* _WHAT YOU HAVE TO DO_: Every line below is to be given again precisely; images are to be left out.

(Stored items from a collection)
=-=-=-=-=

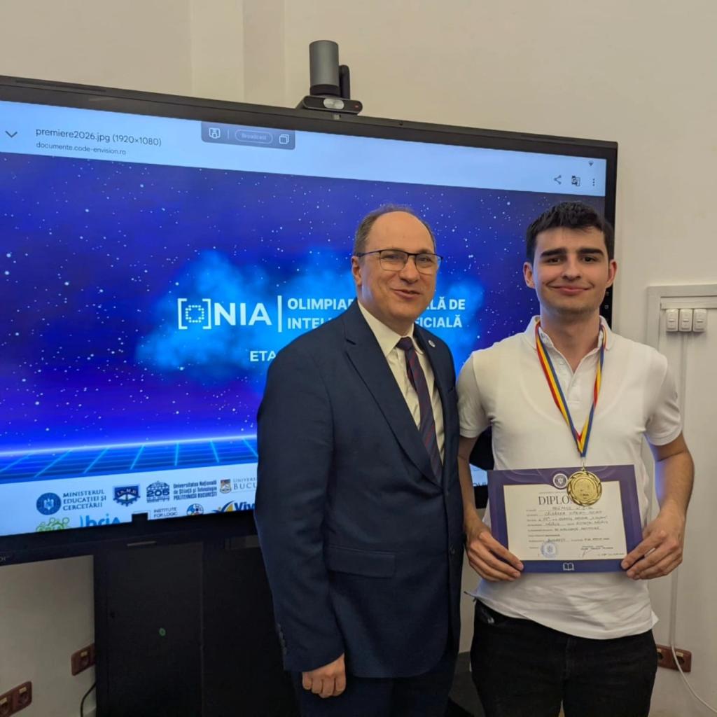 Ciprian Iulian Căldărea, pregătit de prof. coord. Strugar Simion, a fost distins cu Medalie de bronz și la etapa națională a competiției de Inteligență Artificială ROAI, desfășurată în perioada 6–9 aprilie 2026, la secțiunea XI–XII.
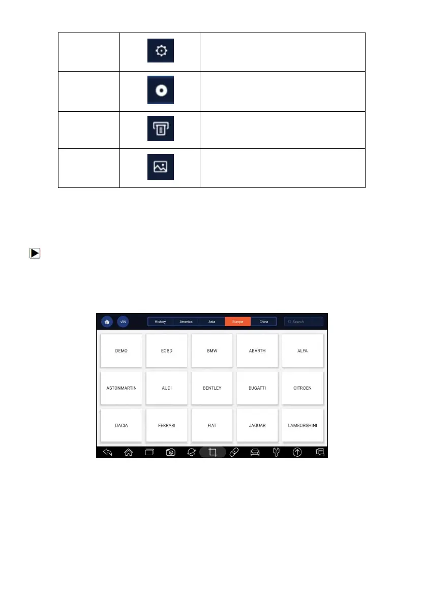 2. A screen with vehicle manufacturers displays. Select the area where the
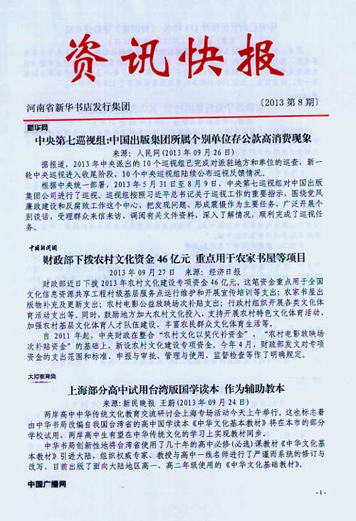河南省新華書(shū)店發(fā)行集團(tuán)有限公司前身為河南省新華書(shū)店,成立于1949年4月1日,隸屬于中原出版?zhèn)髅郊瘓F(tuán),其經(jīng)營(yíng)范圍涵蓋圖書(shū)、音像、電子出版物發(fā)行,具有中小學(xué)教材發(fā)行和評(píng)議類教輔發(fā)行資質(zhì),2008年12月注冊(cè)變更為河南省新華書(shū)店發(fā)行集團(tuán)有限公司。
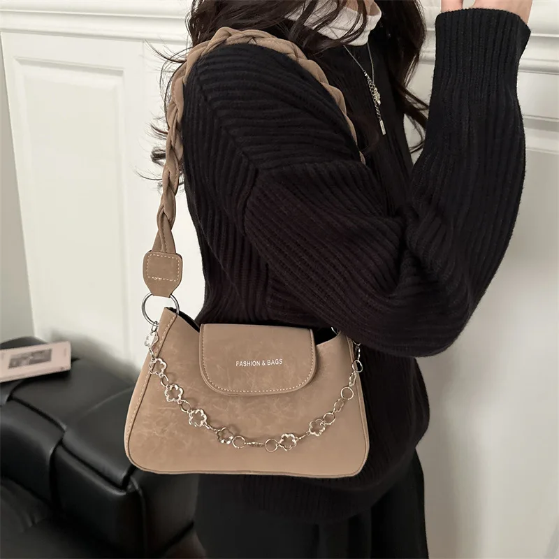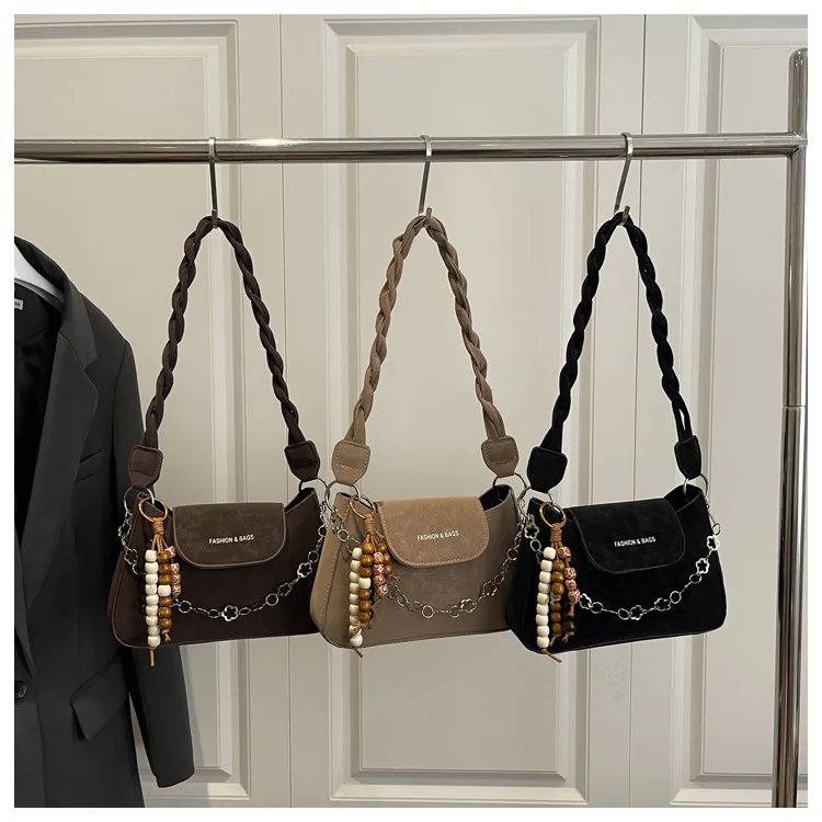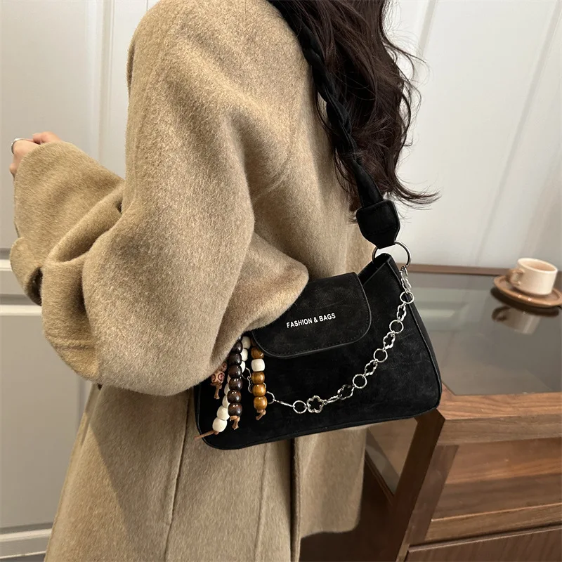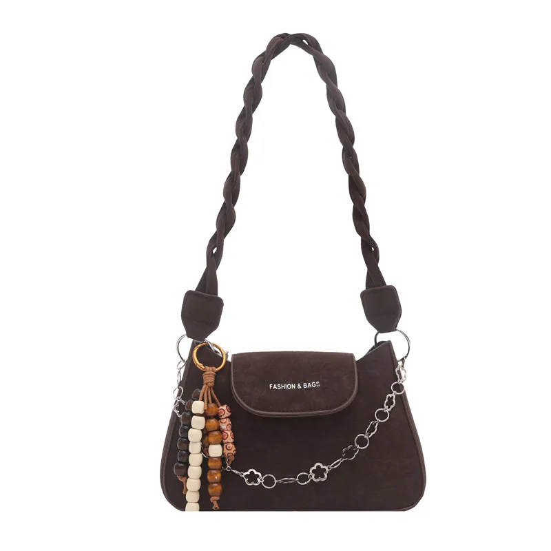 Fashionable Retro Shoulder Bag 2026 Winter New Women's Bag with Pendant Light Luxury Women's Handbag with Chain
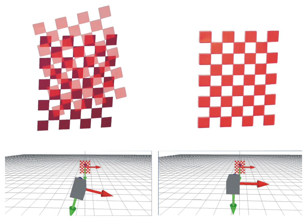 Let us consider a 3D point, u, projected in a virtual work space with the coordinates, (xuyuzu)T, expressed by ũ in homogeneous coordinates (Figure 5). Let ṽ = (xvyv1)T be the projected point by the virtual camera in the virtual world, such as:
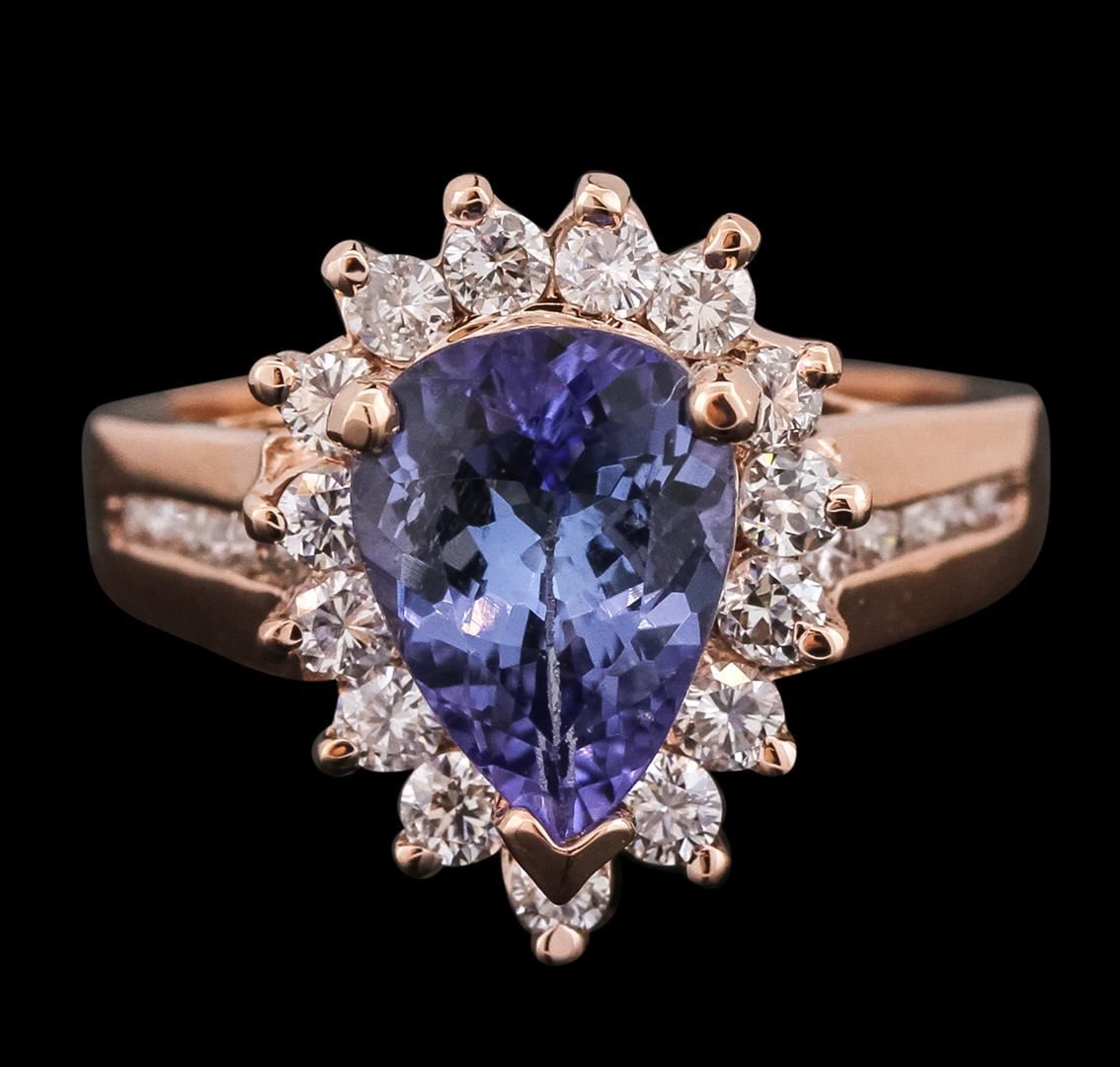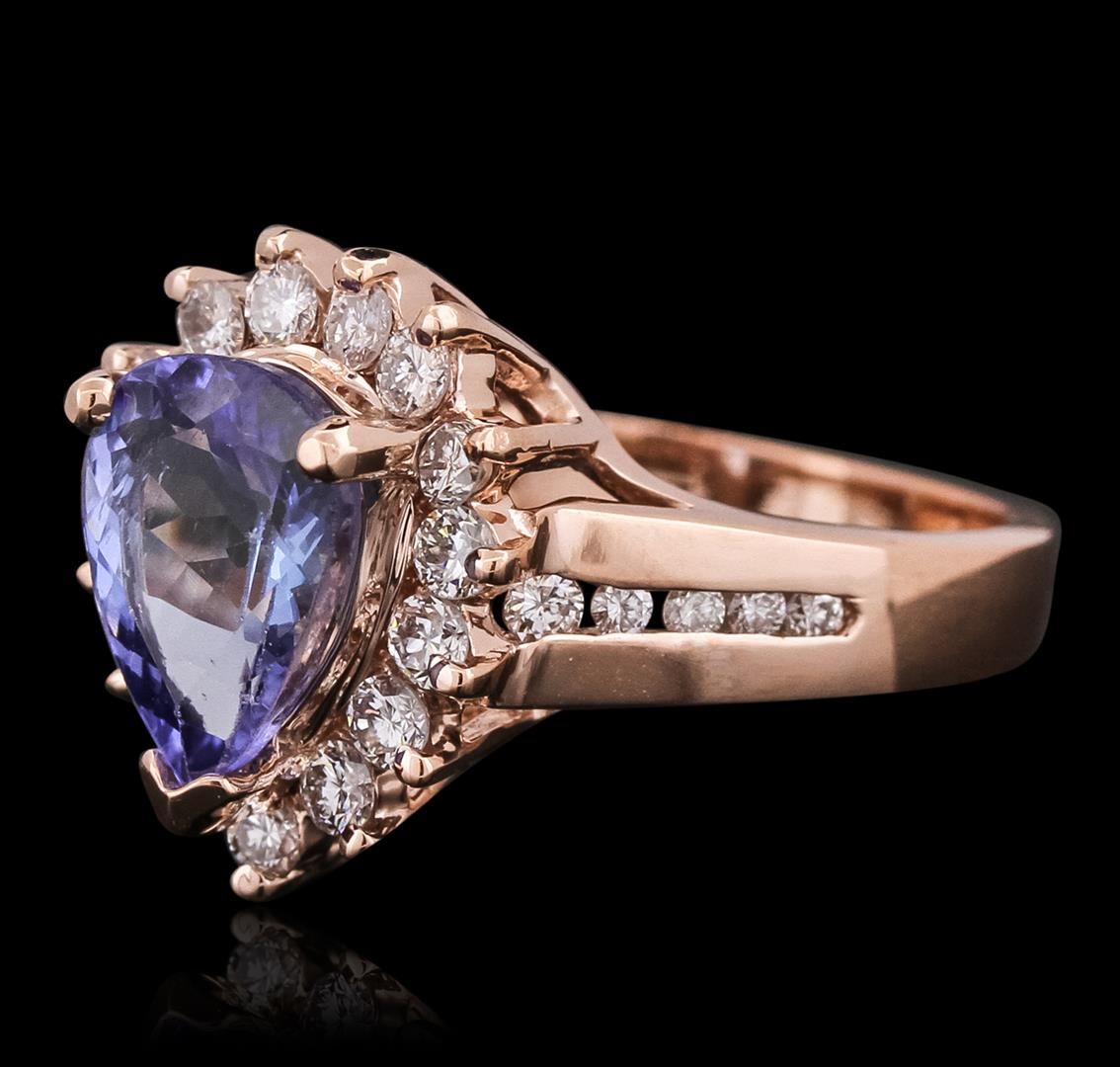 One ring featuring: 14KT rose gold with a total weight of 6.08 grams, tanzanite with a total weight of 2.40ct, and diamonds with a total weight of 0.73ctw.
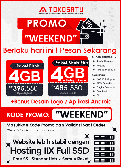 Hallo, Sobat Tokosatu.com. Jasa Pembuatan Website #1 Terpopuler di Indonesia, Profesional, Harga Murah, Kualitas Terjamin hanya di Toko Satu. Telah dipercaya ribuan klien, silakan lihat portofolio tokosatu.com, saat ini kembali menghadirkan Promo Weekend pada tanggal 19 – 20 Desember 2020.
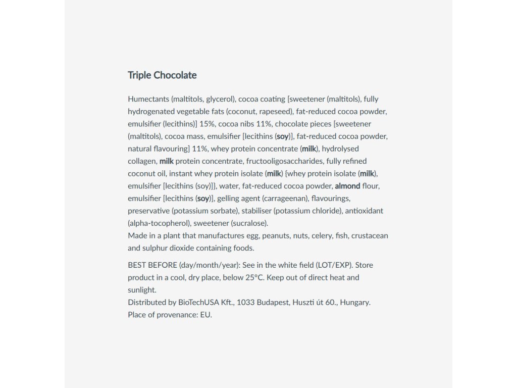Pracujete tvrdě na svých cílech, ale nechcete si odpírat sladké chvilky? Chunky Protein Bar dokazuje, že potěšení z dezertu a uvědomělá výživa mohou jít ruku v ruce!Co získáte, když se atmosféra klasické pochoutky potká s pečlivě vytvořenou tyčinkou bohatou na bílkoviny? Chunky Protein Bar má odpověď: každý kousek přináší jemný povlak, vzrušující kontrasty textur a harmonické spojení intenzivních chutí. Tyčinka, která je zároveň požitkem i chytrou volbou.
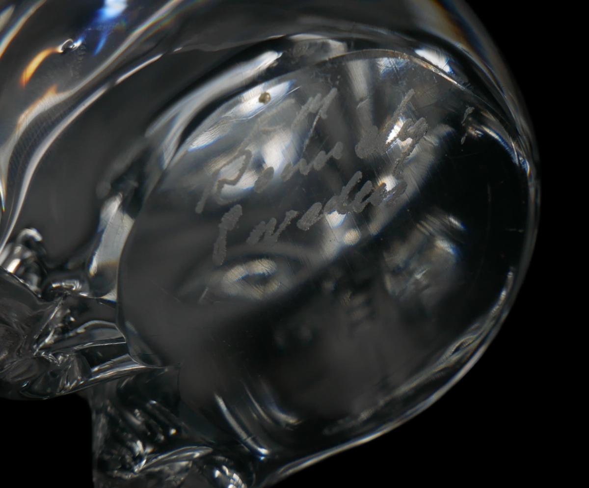Handmade glass penguin sculpture inscribed with artist's signature and "Sweden" on bottom. Penguin measures W 1.75" x H 5". Fish measures W 4.75" x H 4" and is unsigned. Lot measures 1 lb 10 oz. (D10)
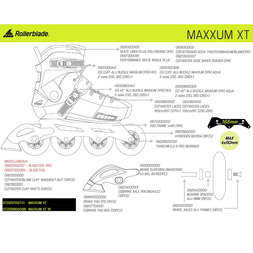 This page features all the Rollerblade Twister & Rollerblade Maxxum models. This is a hardboot skate with a removable liner. It has a 165mm frame mount and is best suited for urban skating.

=-=-=-=-=

* _SOLUTION FOR THIS TASK_:
 Ciprian Iulian Căldărea, pregătit de prof. coord. Strugar Simion, a fost distins cu Medalie de bronz și la etapa națională a competiției de Inteligență Artificială ROAI, desfășurată în perioada 6–9 aprilie 2026, la secțiunea XI–XII.
 2. A screen with vehicle manufacturers displays. Select the area where the
河南省新華書(shū)店發(fā)行集團(tuán)有限公司前身為河南省新華書(shū)店,成立于1949年4月1日,隸屬于中原出版?zhèn)髅郊瘓F(tuán),其經(jīng)營(yíng)范圍涵蓋圖書(shū)、音像、電子出版物發(fā)行,具有中小學(xué)教材發(fā)行和評(píng)議類教輔發(fā)行資質(zhì),2008年12月注冊(cè)變更為河南省新華書(shū)店發(fā)行集團(tuán)有限公司。
 Fashionable Retro Shoulder Bag 2026 Winter New Women's Bag with Pendant Light Luxury Women's Handbag with Chain
 Let us consider a 3D point, u, projected in a virtual work space with the coordinates, (xuyuzu)T, expressed by ũ in homogeneous coordinates (Figure 5). Let ṽ = (xvyv1)T be the projected point by the virtual camera in the virtual world, such as:
 One ring featuring: 14KT rose gold with a total weight of 6.08 grams, tanzanite with a total weight of 2.40ct, and diamonds with a total weight of 0.73ctw.
 Hallo, Sobat Tokosatu.com. Jasa Pembuatan Website #1 Terpopuler di Indonesia, Profesional, Harga Murah, Kualitas Terjamin hanya di Toko Satu. Telah dipercaya ribuan klien, silakan lihat portofolio tokosatu.com, saat ini kembali menghadirkan Promo Weekend pada tanggal 19 – 20 Desember 2020.
Pracujete tvrdě na svých cílech, ale nechcete si odpírat sladké chvilky? Chunky Protein Bar dokazuje, že potěšení z dezertu a uvědomělá výživa mohou jít ruku v ruce!Co získáte, když se atmosféra klasické pochoutky potká s pečlivě vytvořenou tyčinkou bohatou na bílkoviny? Chunky Protein Bar má odpověď: každý kousek přináší jemný povlak, vzrušující kontrasty textur a harmonické spojení intenzivních chutí. Tyčinka, která je zároveň požitkem i chytrou volbou.
Handmade glass penguin sculpture inscribed with artist's signature and "Sweden" on bottom. Penguin measures W 1.75" x H 5". Fish measures W 4.75" x H 4" and is unsigned. Lot measures 1 lb 10 oz. (D10)
 This page features all the Rollerblade Twister & Rollerblade Maxxum models. This is a hardboot skate with a removable liner. It has a 165mm frame mount and is best suited for urban skating.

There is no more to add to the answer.